Recent court rulings make it clear that Congress must act to restore the original intent of the FAA, which was enacted in 1925 for the purpose of ensuring that voluntary business-to-business arbitration agreements were enforced by the courts.

To address the problem of forced arbitration, on May 7, 2013, Senator Al Franken (D-MN) and Representative Hank Johnson (D-GA) introduced the Arbitration Fairness Act (AFA) of 2013, S. 878/H.R. 1844. More than 50 diverse organizations have endorsed the bill. Articles by U.S. Senator Sheldon Whitehouse (D-(RI) and conservative columnist Paul Samakow show why ending forced arbitration should be a bipartisan issue.

The Arbitration Fairness Act would amend the Federal Arbitration Act by making it unlawful for employers to impose arbitration on employees except when knowingly and voluntarily agreed to after the dispute arises or pursuant to a collective bargaining agreement.
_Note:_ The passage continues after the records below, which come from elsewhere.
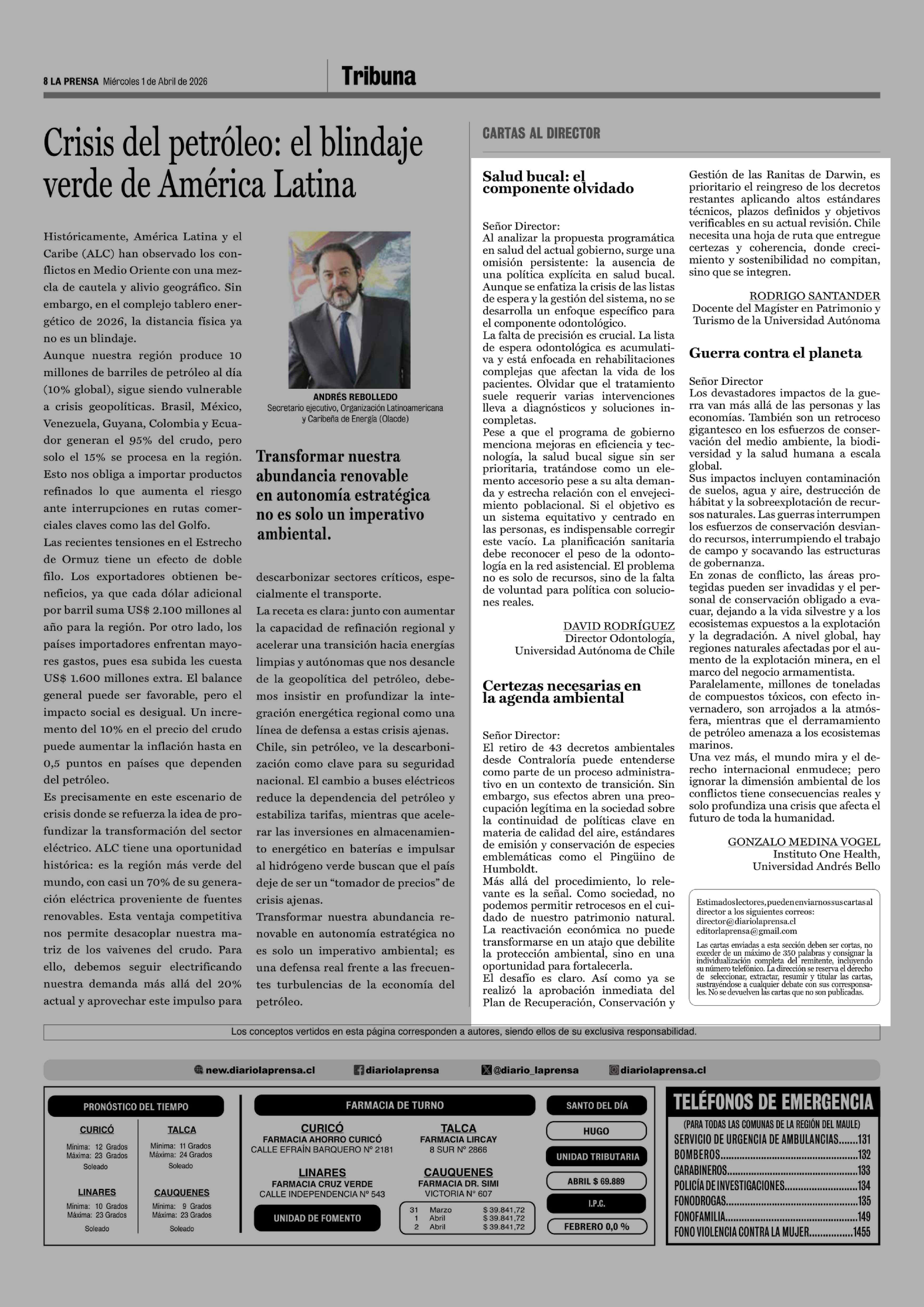 Cartas: Certezas necesarias en la agenda ambiental 01-04-2026 La Prensa de Curicó |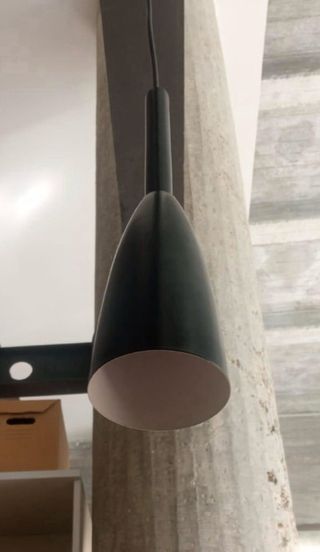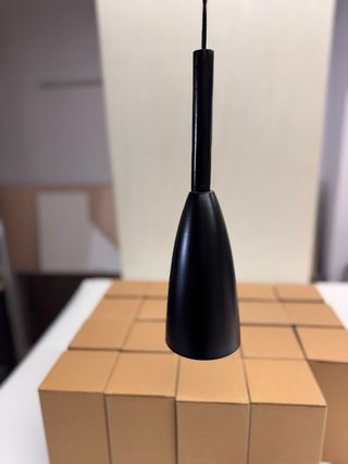 Lote de 20 lámparas de suspensión con un diseño moderno. Lote completo 20 ud 190 € Unidades sueltas. 12 € Dimensiones. Pantalla metalica 19,5 x 10 cm. Prolongador negro (opcional colocar) 15 cm. Floron 9,5 x 2 cm. Longitud cable a sumar a pantalla 95 cm. Casquillo E27 - Color principal: negro. - Acabado interior: Blanco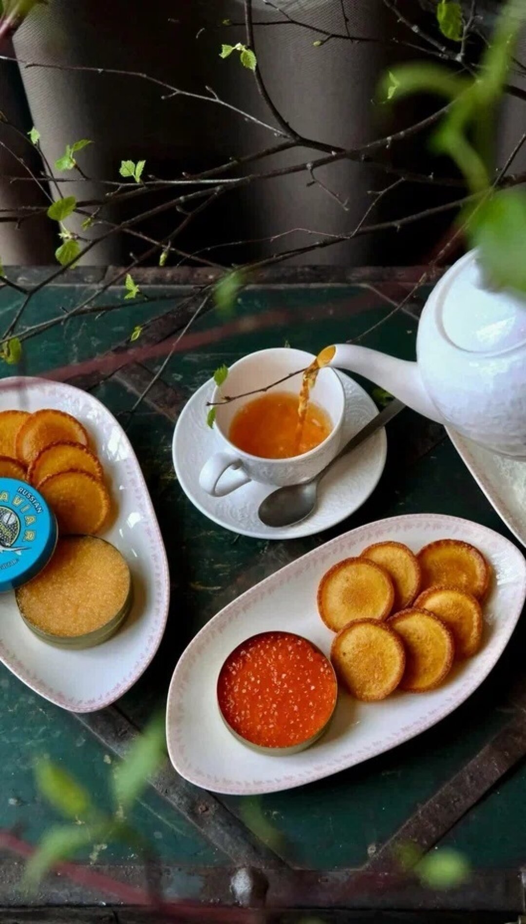 А бар Xander 21 и 22 февраля предложит царские блины с тремя видами икры: красной, осетровой и белужьей. Подают их со сливочным сыром и листиком свежей мяты.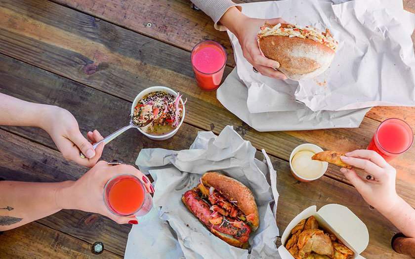 Claro, se quiser fazer a rota tradicional há várias barracas que servem o gigantesco sanduiche de mortadela com queijo.

Join NELA In Ending Forced Arbitration Of Workplace Disputes

As a leader of the Fair Arbitration Now Coalition, NELA is educating the public and policymakers on the need to ban forced arbitration. In fighting against forced arbitration, NELA and our members:

  • Lobby Congress for legislation that would prevent employers from forcing workers to give up their right to go to court—and accompanying legal protections—when they have workplace claims;
  • File amicus briefs in significant cases challenging forced arbitration; and
  • Serve as a resource for press exposés of forced arbitration practices.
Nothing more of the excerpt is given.